Bobi Wine: First of all, we thank the European Union for the collaboration. Uganda has a long term relationship with the European Union. How can the European Union help the situation in Uganda? By being true to the values that bring us together as people, as citizens of the world, as the international community, by sticking to those values and holding everybody that they deal with, accountable to those values. Values like respect for human rights, values like respect for the rule of law, values like respect for democracy – that’s all. When they are true to those values, then they will hold everybody accountable – they will not be working with a reknown dictator. They will not want their image to be soiled as partners in crime, here in Uganda, where the government is abducting people and murdering them. But if the European Union is seen to have in cooperation with one of the world’s, tyrants, then it brings many more questions than answers.
GPI: Uganda is seen by many as a stabilising geo-political force in the region. Your country, for example, is also one of the largest refugee-hosting countries in Africa. Some commentators have suggested that any government transition might create uncertainty or instability in the region. What are your thoughts on this?
Bobi Wine: Well, I look at that as blackmail, blackmail at the expense of rights and freedoms of the people of Uganda, because General Museveni has over the time presented himself as a stabilizing factor, as the anchor of stability. Therefore, it is possible obtaining a license to abuse rights, obtaining the license to disrespect democracy and disrespect the rule of law. And that has been to a great detriment of the people of Uganda and the neighboring countries. He is not innocent of the instabilities in those countries like South Sudan, Central African Republic, like the Congo. He has always stirred up conflict, because he knows he’s going to benefit from the refugee influx. It is not General Museveni, it is the culture of the people of Uganda: We are welcoming people. So it is the character of the people of Uganda and indeed we make it policy. We believe that the countries that deal with Uganda should deal with institutions, not individuals. We should have strong institutions, not strong individuals and good policies that don’t depend on an individual but have working systems. Unfortunately, General Museveni has claimed that everything begins and ends with him.
GPI: Bobi Wine, what is your prediction and your hope for the future of Uganda?
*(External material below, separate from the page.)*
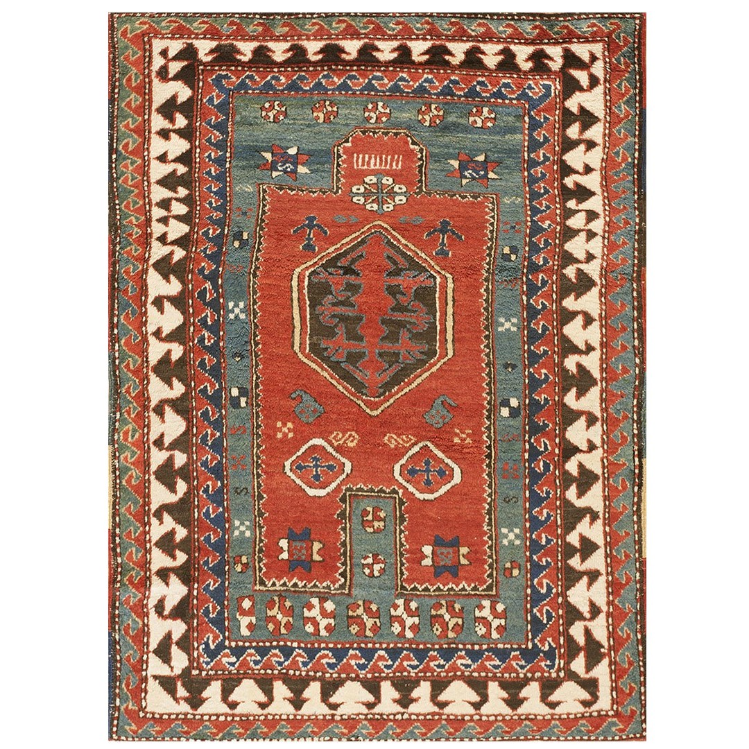 DescriptionCaucasianThis is the general heading for all rugs made in the Caucasus mountains and in the trans-Caucasus areas, north of the Arax River, and between the Black and Caspian Seas. This includes rugs from the Kazak, Karabagh, Gendje, Koghan, Talish, Akstafa, Shirvan, Baku, Kuba and hesghi districts and the variants and subtypes thereof. The rugs are usually in scatter sizes and of all wool construction, with bold colors and geometric patterns, from the 18th through 20th centuries. Prices range widely depending on rarity, color, design and condition. A strong collector market exists for the better examples. CaucasianThis is the general heading for all rugs made in the Caucasus mountains and in the trans-Caucasus areas, north of the Arax River, and between the Black and Caspian Seas. This includes rugs from the Kazak, Karabagh, Gendje, Koghan, Talish, Akstafa, Shirvan, Baku, Kuba and hesghi districts and the variants and subtypes thereof. The rugs are usually in scatter sizes and of all wool construction, with bold colors and geometric patterns, from the 18th through 20th centuries. Prices range widely depending on rarity, color, design and condition. A strong collector market exists for the better examples. | |

Bobi Wine: My hope is that Uganda can benefit from this generation of young people, we are the second youngest country in the world. I hope that in our lifetime we can see freedom and have those kind of systems work and have the opportunity to benefit from all the talents of the men and women in Uganda. I hope that Uganda can turn to the Democratic line, where everybody can become everything or anything. That’s my hope for Uganda. Unfortunately, I fear that if the international community continues to support General Museveni, then they’re probably creating another Mobutu Sese Seko, another Robert Mugabe, another Moammar Gadhafi here in Uganda. We believe that our partners should look out not only for business opportunities but for values that make all of us human. We believe that we are first world people stuck in a third world country, in fact, not stuck in a third world country, but stuck with a Third World leader. We are trying to redefine ourselves as Ugandans and we are trying to write our own story. We are trying to reintroduce ourselves to the world, to tell the world that, hey, we are good people, we are welcoming people – and we believe that we can achieve that. We invite the world to keep their eyes on Uganda. For as long as the world is seeing what’s happening in Uganda, we stay alive. And if the focus continues, they will be good. We thank you very much and we pray that one day we’ll be talking to the world as free people.
GPI: Thank you very much, Bobi Wine.